They get ciphertext. Specifically, they get BFV ciphertexts that are computationally indistinguishable from random noise to anyone without the decryption key. The enrolled biometric templates are ciphertext. The authentication templates are ciphertext. The similarity scores are ciphertext. The intermediate computation results are ciphertext. Everything is ciphertext, all the time.
The decryption keys never exist on the server. They are generated on the user's device and never leave the device's secure enclave. An attacker who compromises the server has no path to the keys. They would need to compromise every individual user's device to obtain the keys, and even then, each user's key only decrypts that user's data.
This is fundamentally different from the traditional model where a server breach exposes all biometric data. In the traditional model, the server is the single point of failure. Compromise the server, compromise every user. In H33's model, there is no single point of failure. The server holds only ciphertext. The keys are distributed across millions of individual devices. An attacker would need to compromise the server and every user's device to achieve what a single server breach achieves in the traditional model.

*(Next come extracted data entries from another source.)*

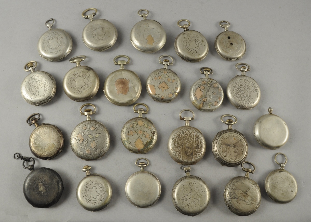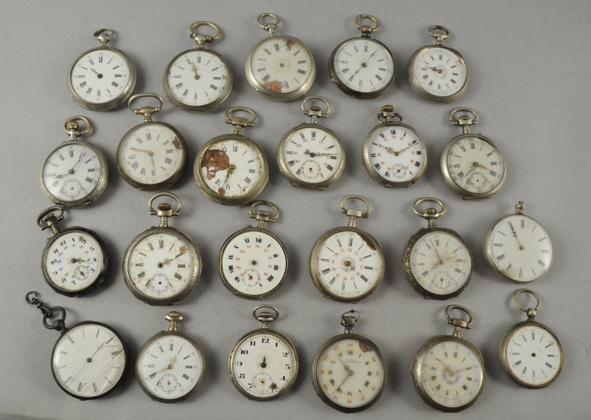LOT DE 23 MONTRES DE GOUSSET en argent, à clef ou à remontoir au pendant. Il comprend notamment une à décor d'un cheval galopant, plusieurs à cadran double, plusieurs dont le dos du boîtier présente un décor laqué or...
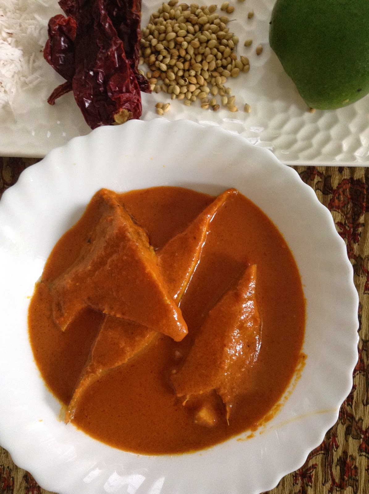 1/4 cup grated fresh coconut, 1/2 onion, 1 tsp raw rice, 1 tsp coriander seeds, 4 black peppercorns, 1/4 raw mango ( can be substituted with 1 tsp tamarind paste or 2 tsp dry raw mango powder) , 1/2 tsp turmeric, 4 dry red chillies ( the quantity of chillies can be varied according to taste. I use the kkashmiri chillies , which have a fiery red colour but are not hot) , salt to taste. 1 tblsp oil. Optional: 1 green chilli , slit.
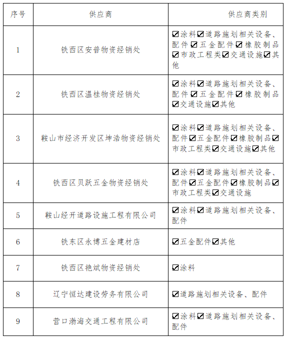 東澤公司供應(yīng)商入庫(kù)名單公告

Why This Matters for Your Organization
If your organization collects biometric data, you face a specific set of risks that traditional security controls cannot fully address.

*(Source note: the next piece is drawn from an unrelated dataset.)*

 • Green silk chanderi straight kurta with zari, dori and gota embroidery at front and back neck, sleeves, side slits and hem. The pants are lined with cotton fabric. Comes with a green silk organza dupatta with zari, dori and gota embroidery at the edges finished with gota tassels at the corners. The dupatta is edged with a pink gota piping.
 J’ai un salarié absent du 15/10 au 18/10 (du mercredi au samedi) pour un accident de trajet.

Biometric data is permanent. When passwords are breached, you issue new passwords. When tokens are stolen, you rotate tokens. When biometric data is breached, there is no remediation. You cannot issue new fingerprints. You cannot rotate faces. A biometric breach is permanent, and its impact lasts the lifetime of every affected individual. This is why regulations like BIPA (the Illinois Biometric Information Privacy Act) impose statutory damages of up to $5,000 per violation. The legislators understood that biometric data is uniquely sensitive because it is uniquely irreplaceable.

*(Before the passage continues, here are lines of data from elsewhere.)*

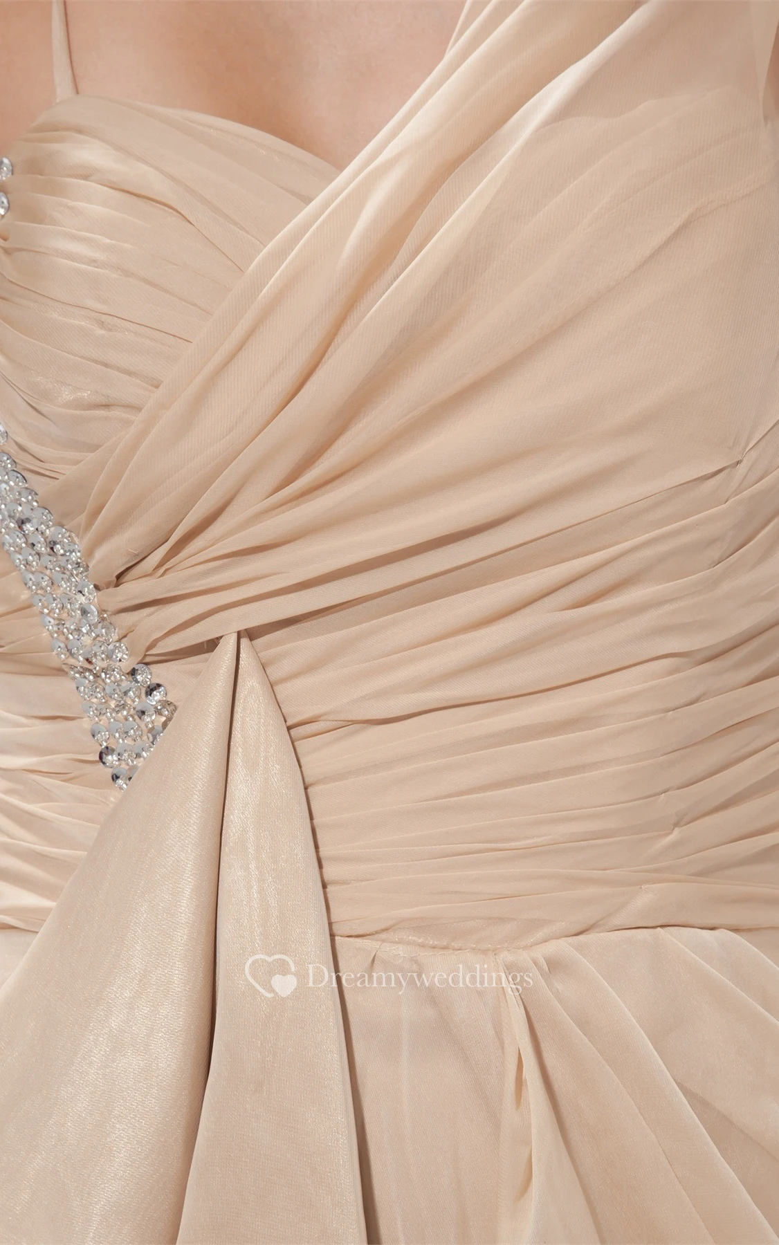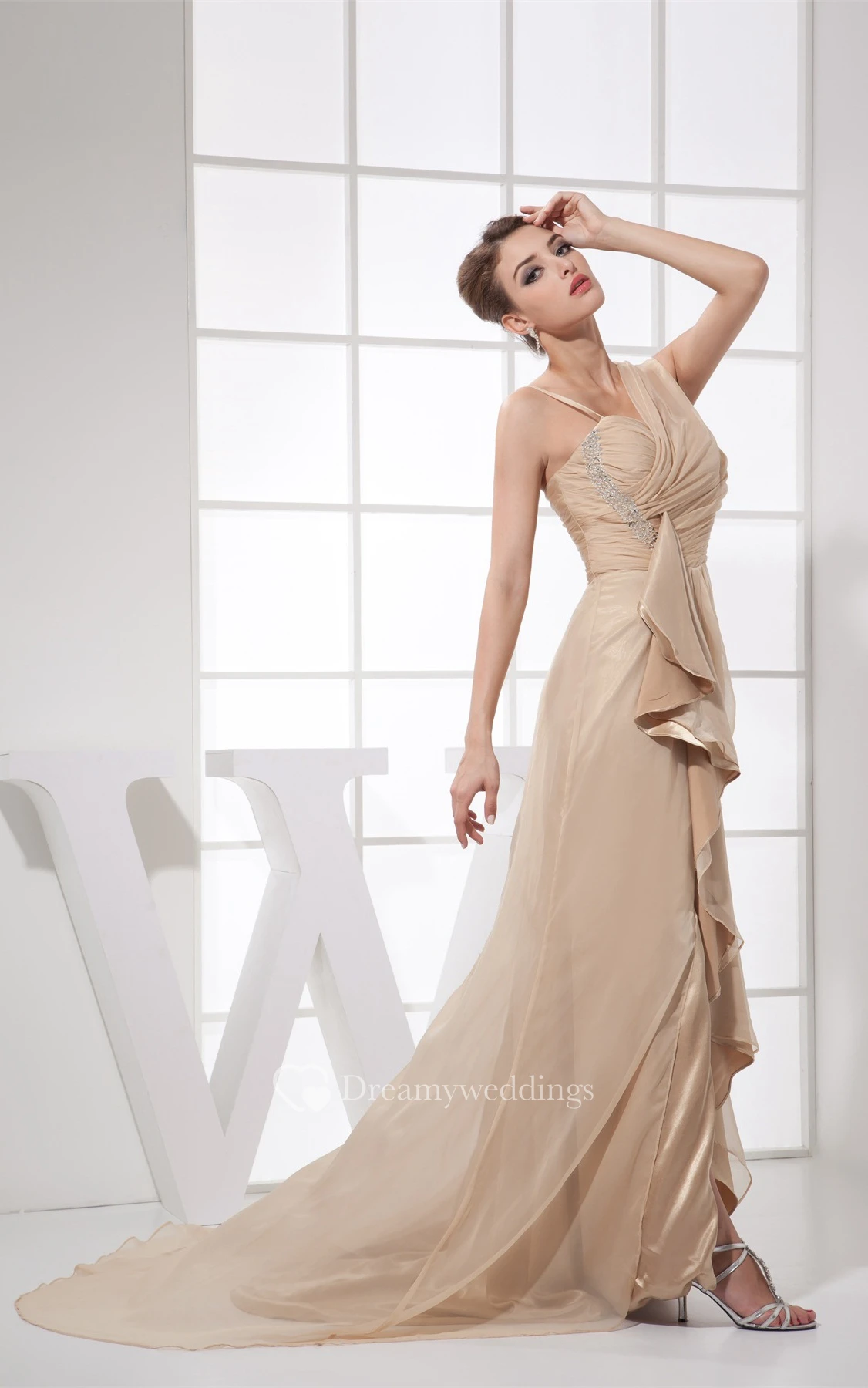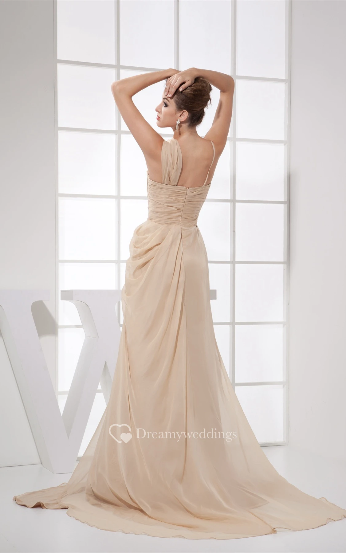 Asymmetrical Floor-Length Ruched Sweep Train and Gown With Draping
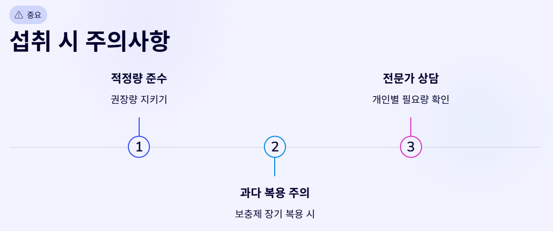 보충제 섭취 시에는 과다 복용에 특히 주의해야 합니다. 셀레늄은 과잉 섭취 시 탈모, 손톱 이상, 위장 장애 등의 부작용이 나타날 수 있습니다. 권장량을 지키고, 장기 복용 전에는 전문가 상담이 필요합니다.
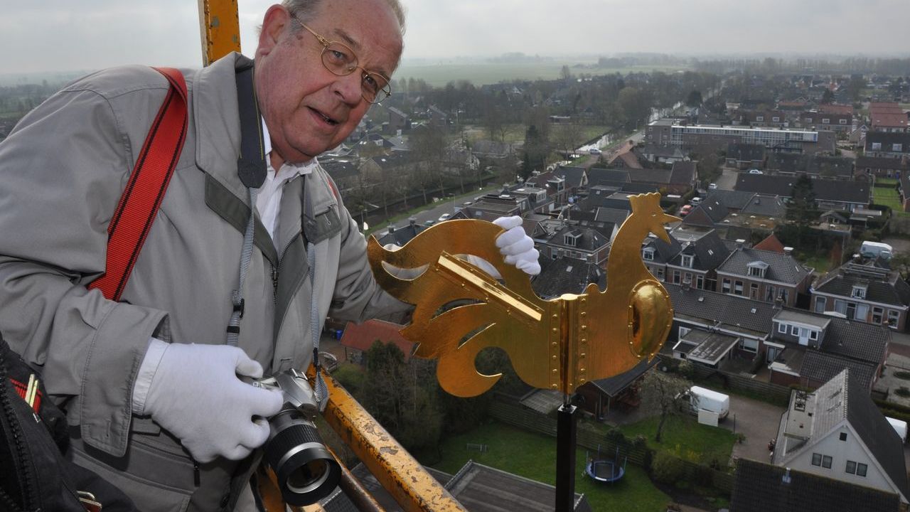 Oud dominee Jan van Buuren uit Kollum heeft donderdagmorgen de nieuw vergulde winhaan terug gezet op de spits van de Oosterkerk in Kollum. Hij kreeg daarbij…

Biometric data is a target for harvest-now-decrypt-later attacks. State actors and sophisticated criminal organizations are known to collect encrypted data with the expectation that future quantum computers will break current encryption. Biometric data is a particularly attractive target because of its permanence. A fingerprint template encrypted with RSA today will still be valid when a quantum computer cracks the RSA encryption in 10 or 15 years. H33's BFV encryption is based on lattice problems that are believed to resist quantum computation, providing long-term protection even against future threats.
Regulatory pressure is increasing. GDPR classifies biometric data as a "special category" requiring enhanced protections. BIPA mandates specific consent and retention requirements. HIPAA covers biometric data used in healthcare contexts. CCPA gives consumers the right to know what biometric data is collected and to request its deletion. Organizations that process biometrics face a growing web of regulatory obligations, and the common thread is that traditional encrypt-at-rest-decrypt-to-process is no longer sufficient. Regulators want to see technical controls that minimize the exposure of biometric data, and homomorphic encryption is the strongest technical control available because it eliminates plaintext exposure entirely.
Cyber insurance underwriters are asking harder questions. In 2025, cyber insurance questionnaires began including specific questions about biometric data handling: how it is stored, how it is processed, and what controls prevent exposure during computation. Organizations that can demonstrate FHE-based biometric processing, where biometric data is never decrypted on the server, are seeing measurably lower premiums because they present a fundamentally different risk profile.
What FHE Does Not Do
Homomorphic encryption is powerful, but it is not a complete security solution on its own. It protects data during computation on the server. It does not protect data on the user's device before encryption. It does not prevent a compromised device from sending forged templates. It does not authenticate the user to the device.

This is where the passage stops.